Global Insight Perspective | |
Significance | Eli Lilly is to make public information on the payments it gives doctors in exchange for a variety of promotional services, via an online database to be launched in mid-2009. |
Implications | The move will make Eli Lilly the first U.S. company to voluntarily disclose such data, and puts it in a good position ahead of the likely introduction of the Physician Payments Sunshine Act, which will require even more detailed information on such payments. |
Outlook | Eli Lilly's very public move is likely to pressure other, larger U.S. pharma giants to follow suit, although lobbying by the drugs industry has watered down the level of disclosure that could potentially harm companies' public standing. |
U.S. pharmaceutical company Eli Lilly has announced plans to launch an online database detailing the payments it has made to physicians in the United States. The database will be made accessible to the public from the second half of 2009, and will initially contain information on payments made by the company during 2009 to physicians who have acted as speakers and advisors on Lilly's behalf. Further down the line, Lilly will add data on any and all payments made to prescribers, revising the database on an annual basis.
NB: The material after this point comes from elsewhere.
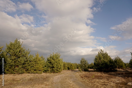 © taraskobryn, Obraz premium Young pine forest against the blue sky with clouds
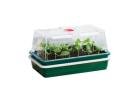 Kemény műanyagból készült, szellőztetett, fűtött üvegház termosztáttal. Alsó része zöld. Az üvegház méretei: 59x41x26,5 cm.

The company was the first U.S. pharma producer to publicly voice its support for legislation proposed by Senators Charles Grassley (R-Iowa) and Democrat Herbert Kohl (D-Wisconsin) last September. The Physician Payments Sunshine Act of 2007, which can be viewed in full on the Library of Congress website (see here), goes so far as to demand quarterly transparency reports from pharmaceutical companies, providing details of all the physicians that they have made payments to, as well as the size of each payment and the nature of any compensation or gifts, discounts, fees or honoraria. The Act also stipulates that an annual summary report should be made by each producer of drugs or medical devices, summarising their physician payments for the year, and calls for fines of up to US$100,000 for non-compliance. The Physician Payments Sunshine Act is still being debated in Congress, and Eli Lilly has said that it would harmonise its database with the Act—once it is passed—by 2011.
Outlook and Implications
Eli Lilly's backing for the Act came only after months of intensive lobbying by the U.S. pharmaceutical industry which is believed to have resulted in the Act being watered down and revised (see United States: 14 May 2008: Disclosure Norms Tighten as U.S. Senate Revises Bill on Doctor Gifts). Drug-makers' main concern is that fully disclosing their reliance on physicians to promote their products will result on state pressure to curb payments made to physicians for purposes that could be viewed as purely promotional. There is currently no regulation controlling promotional payments to physicians in the United States, and the relationship between medical doctors and the pharmaceutical industry is longstanding and well-developed. Lilly's very public show of disclosing its payments to physician speakers and advisors is likely to pressure even larger drug firms such as Pfizer and Merck & Co into following suit. Lilly has been canny in its choice of payments data to be made public, as it will be more difficult to criticise the payment of doctors to share information about new treatment methods at scientific congresses.